▶ [Assignment] Search the records for the string "трьох" and return each line that has it.
── Dataset records ──
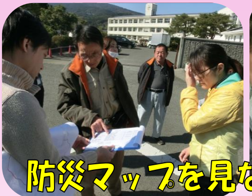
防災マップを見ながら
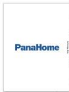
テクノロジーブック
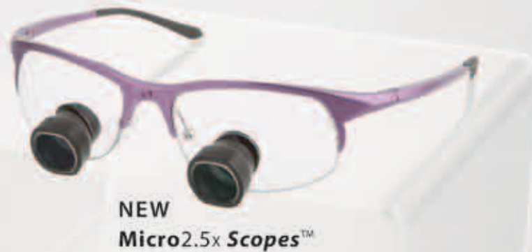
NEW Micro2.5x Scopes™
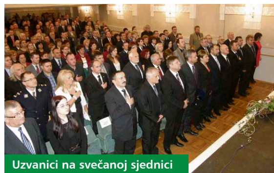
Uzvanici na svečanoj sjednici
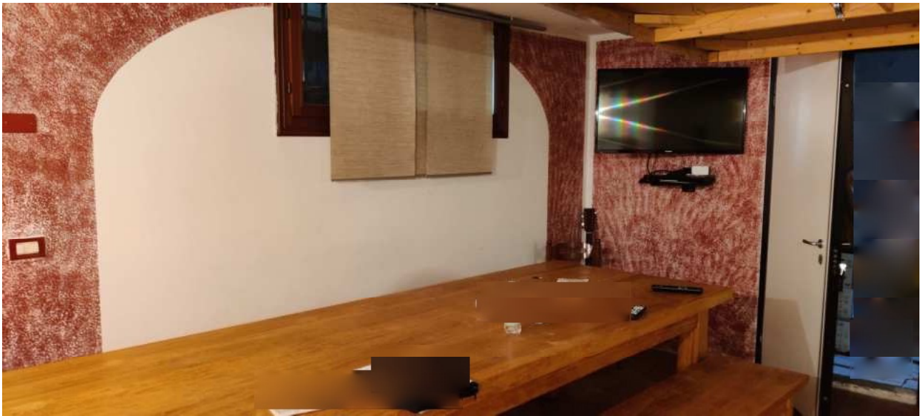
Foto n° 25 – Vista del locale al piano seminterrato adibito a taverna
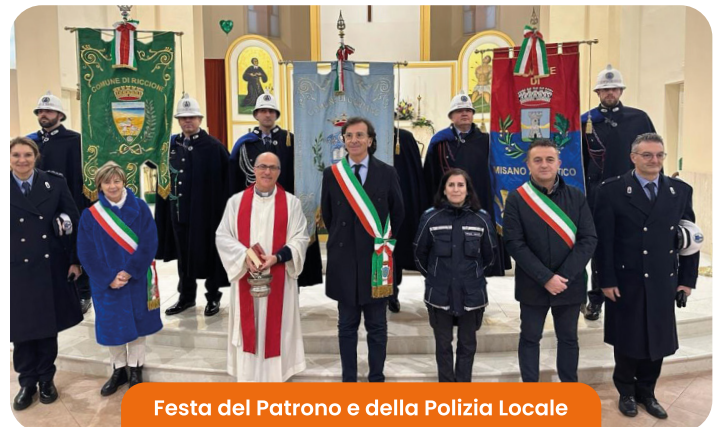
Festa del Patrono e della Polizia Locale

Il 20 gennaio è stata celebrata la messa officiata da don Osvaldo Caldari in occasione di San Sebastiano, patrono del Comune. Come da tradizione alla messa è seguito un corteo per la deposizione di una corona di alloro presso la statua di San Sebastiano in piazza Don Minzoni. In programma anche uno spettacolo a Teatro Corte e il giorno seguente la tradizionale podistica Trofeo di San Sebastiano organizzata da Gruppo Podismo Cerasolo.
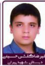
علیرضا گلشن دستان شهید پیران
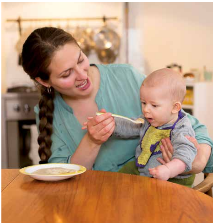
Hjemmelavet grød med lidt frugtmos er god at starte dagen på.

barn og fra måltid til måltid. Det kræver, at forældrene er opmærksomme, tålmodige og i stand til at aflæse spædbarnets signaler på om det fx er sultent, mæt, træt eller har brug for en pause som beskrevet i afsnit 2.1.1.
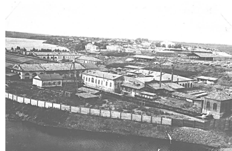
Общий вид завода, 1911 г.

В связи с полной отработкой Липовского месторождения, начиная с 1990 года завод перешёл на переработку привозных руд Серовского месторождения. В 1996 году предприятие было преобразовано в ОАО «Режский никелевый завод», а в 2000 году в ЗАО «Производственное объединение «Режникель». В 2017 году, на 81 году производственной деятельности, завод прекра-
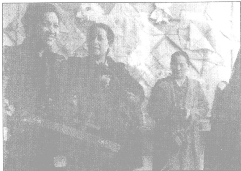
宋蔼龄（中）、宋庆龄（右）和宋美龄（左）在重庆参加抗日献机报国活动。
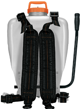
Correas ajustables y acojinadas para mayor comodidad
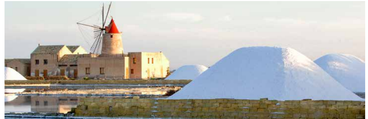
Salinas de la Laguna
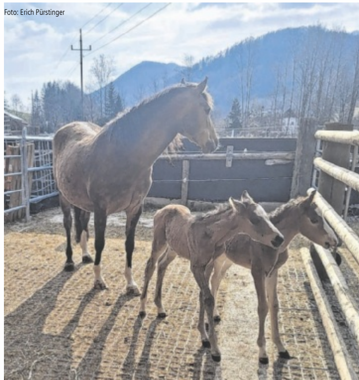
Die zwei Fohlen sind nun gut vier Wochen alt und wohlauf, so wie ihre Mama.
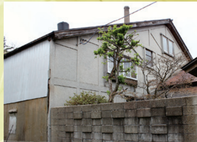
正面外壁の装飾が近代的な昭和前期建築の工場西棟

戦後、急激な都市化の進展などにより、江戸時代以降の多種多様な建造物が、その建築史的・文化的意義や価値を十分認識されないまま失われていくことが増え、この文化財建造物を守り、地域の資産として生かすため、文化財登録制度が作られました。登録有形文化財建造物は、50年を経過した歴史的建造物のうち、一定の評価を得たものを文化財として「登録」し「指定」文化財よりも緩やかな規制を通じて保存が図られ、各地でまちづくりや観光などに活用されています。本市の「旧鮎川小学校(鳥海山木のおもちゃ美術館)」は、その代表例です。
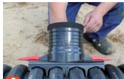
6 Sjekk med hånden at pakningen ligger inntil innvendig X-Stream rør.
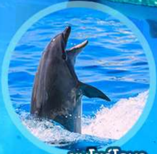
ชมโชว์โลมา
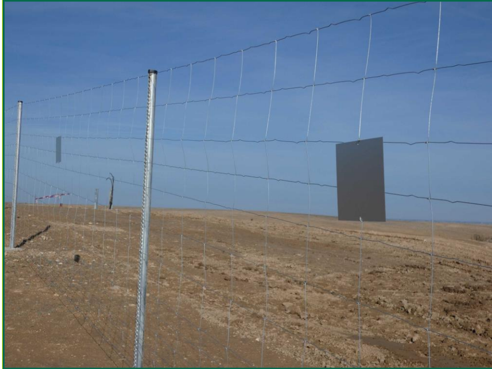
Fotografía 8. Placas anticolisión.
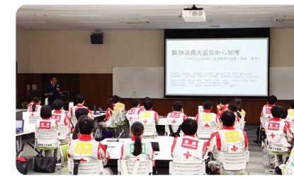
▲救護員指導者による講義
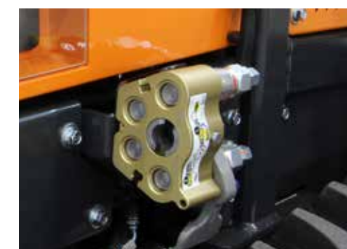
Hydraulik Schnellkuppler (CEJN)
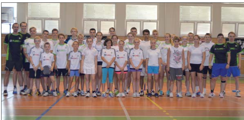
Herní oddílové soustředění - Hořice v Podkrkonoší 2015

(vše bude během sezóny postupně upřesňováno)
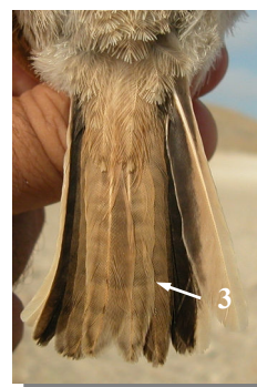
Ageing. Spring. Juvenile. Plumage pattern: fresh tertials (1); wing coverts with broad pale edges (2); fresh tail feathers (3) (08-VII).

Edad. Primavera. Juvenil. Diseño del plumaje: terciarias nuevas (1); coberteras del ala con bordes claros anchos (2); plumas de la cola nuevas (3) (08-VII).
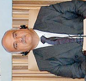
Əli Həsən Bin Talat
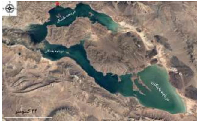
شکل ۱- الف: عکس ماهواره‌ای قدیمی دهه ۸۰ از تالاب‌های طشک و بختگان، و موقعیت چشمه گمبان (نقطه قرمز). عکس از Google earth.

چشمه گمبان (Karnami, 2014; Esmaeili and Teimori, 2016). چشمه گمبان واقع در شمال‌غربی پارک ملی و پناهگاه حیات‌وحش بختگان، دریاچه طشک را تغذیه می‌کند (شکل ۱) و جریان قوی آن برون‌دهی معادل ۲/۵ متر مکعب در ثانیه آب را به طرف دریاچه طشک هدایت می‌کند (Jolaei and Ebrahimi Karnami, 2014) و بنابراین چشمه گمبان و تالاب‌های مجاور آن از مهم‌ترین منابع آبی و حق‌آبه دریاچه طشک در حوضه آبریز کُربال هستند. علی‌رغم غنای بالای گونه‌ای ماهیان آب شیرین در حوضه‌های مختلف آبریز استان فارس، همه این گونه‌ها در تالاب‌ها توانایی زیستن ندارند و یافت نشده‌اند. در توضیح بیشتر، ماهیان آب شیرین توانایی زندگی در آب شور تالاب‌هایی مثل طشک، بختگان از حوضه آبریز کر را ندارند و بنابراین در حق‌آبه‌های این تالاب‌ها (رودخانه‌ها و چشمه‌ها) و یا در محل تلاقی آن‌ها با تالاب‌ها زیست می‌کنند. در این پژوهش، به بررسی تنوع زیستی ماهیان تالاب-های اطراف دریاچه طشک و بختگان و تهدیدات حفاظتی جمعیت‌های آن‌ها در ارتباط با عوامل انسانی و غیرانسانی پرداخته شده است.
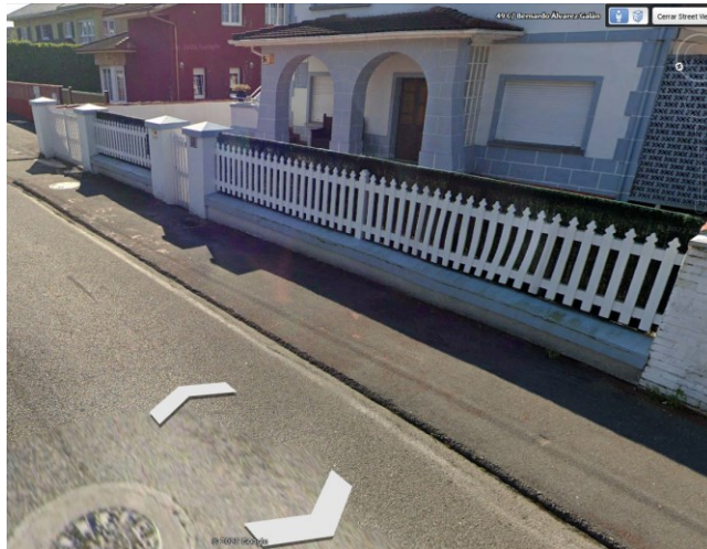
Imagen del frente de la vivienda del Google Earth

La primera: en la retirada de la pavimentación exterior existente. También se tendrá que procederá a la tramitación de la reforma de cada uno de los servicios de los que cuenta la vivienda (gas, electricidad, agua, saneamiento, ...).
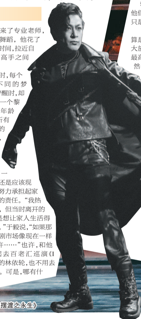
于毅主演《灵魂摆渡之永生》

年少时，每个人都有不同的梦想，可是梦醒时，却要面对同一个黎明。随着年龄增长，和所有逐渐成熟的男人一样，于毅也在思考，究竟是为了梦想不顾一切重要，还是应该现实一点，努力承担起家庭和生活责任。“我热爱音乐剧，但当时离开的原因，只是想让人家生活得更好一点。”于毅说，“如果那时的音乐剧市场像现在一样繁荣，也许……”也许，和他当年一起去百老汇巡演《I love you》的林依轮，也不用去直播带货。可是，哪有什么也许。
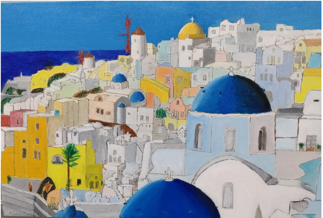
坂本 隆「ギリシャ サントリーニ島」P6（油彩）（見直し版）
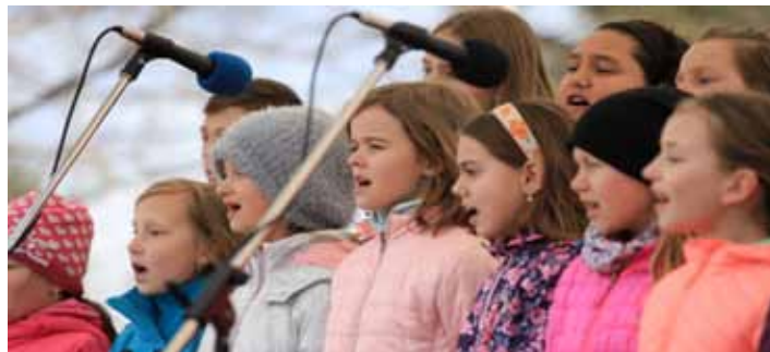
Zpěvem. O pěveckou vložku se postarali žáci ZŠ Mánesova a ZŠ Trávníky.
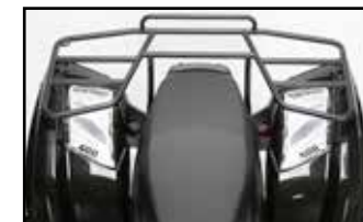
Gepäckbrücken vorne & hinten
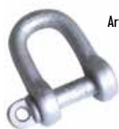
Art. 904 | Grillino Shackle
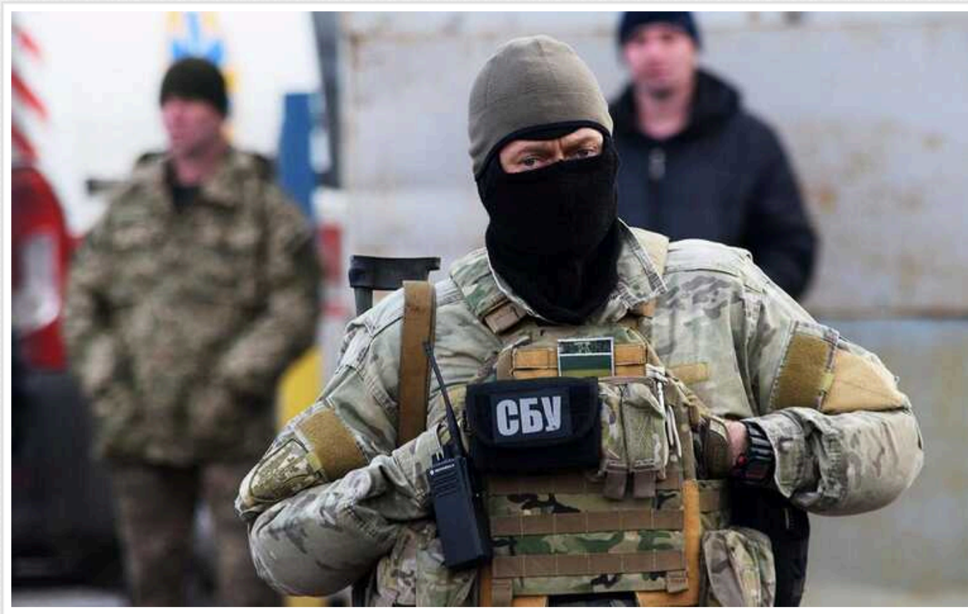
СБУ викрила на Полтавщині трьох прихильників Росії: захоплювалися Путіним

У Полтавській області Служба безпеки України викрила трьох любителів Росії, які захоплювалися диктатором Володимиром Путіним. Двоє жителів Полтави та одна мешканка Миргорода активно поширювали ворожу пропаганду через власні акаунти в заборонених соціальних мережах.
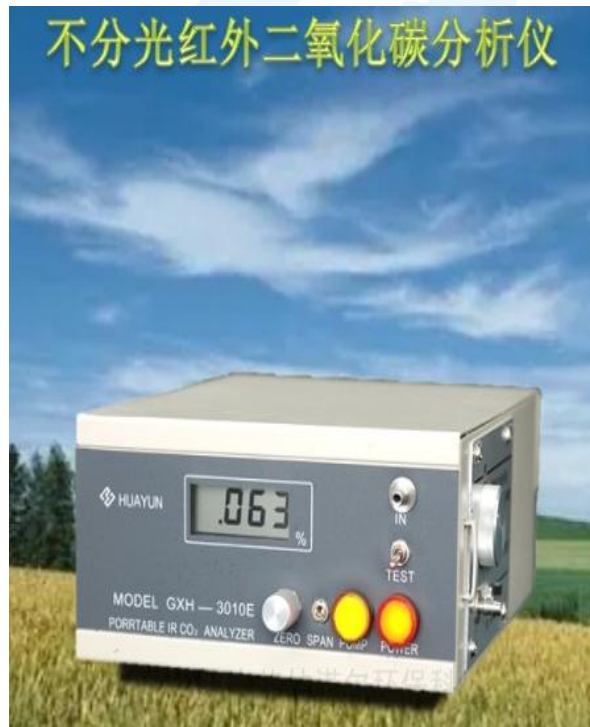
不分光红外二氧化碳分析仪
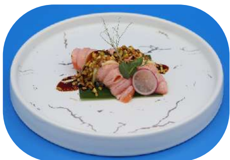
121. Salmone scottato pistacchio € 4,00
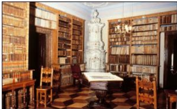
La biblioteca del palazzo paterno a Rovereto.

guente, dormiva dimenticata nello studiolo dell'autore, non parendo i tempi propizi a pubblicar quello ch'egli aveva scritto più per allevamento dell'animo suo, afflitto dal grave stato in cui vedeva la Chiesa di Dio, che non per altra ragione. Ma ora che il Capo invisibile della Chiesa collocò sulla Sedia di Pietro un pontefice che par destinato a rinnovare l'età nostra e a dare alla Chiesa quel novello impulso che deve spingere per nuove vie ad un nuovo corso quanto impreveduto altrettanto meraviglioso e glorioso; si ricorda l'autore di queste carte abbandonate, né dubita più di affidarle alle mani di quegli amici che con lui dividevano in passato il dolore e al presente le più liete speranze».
───
▶ [Exercise answer]
СБУ викрила на Полтавщині трьох прихильників Росії: захоплювалися Путіним
У Полтавській області Служба безпеки України викрила трьох любителів Росії, які захоплювалися диктатором Володимиром Путіним. Двоє жителів Полтави та одна мешканка Миргорода активно поширювали ворожу пропаганду через власні акаунти в заборонених соціальних мережах.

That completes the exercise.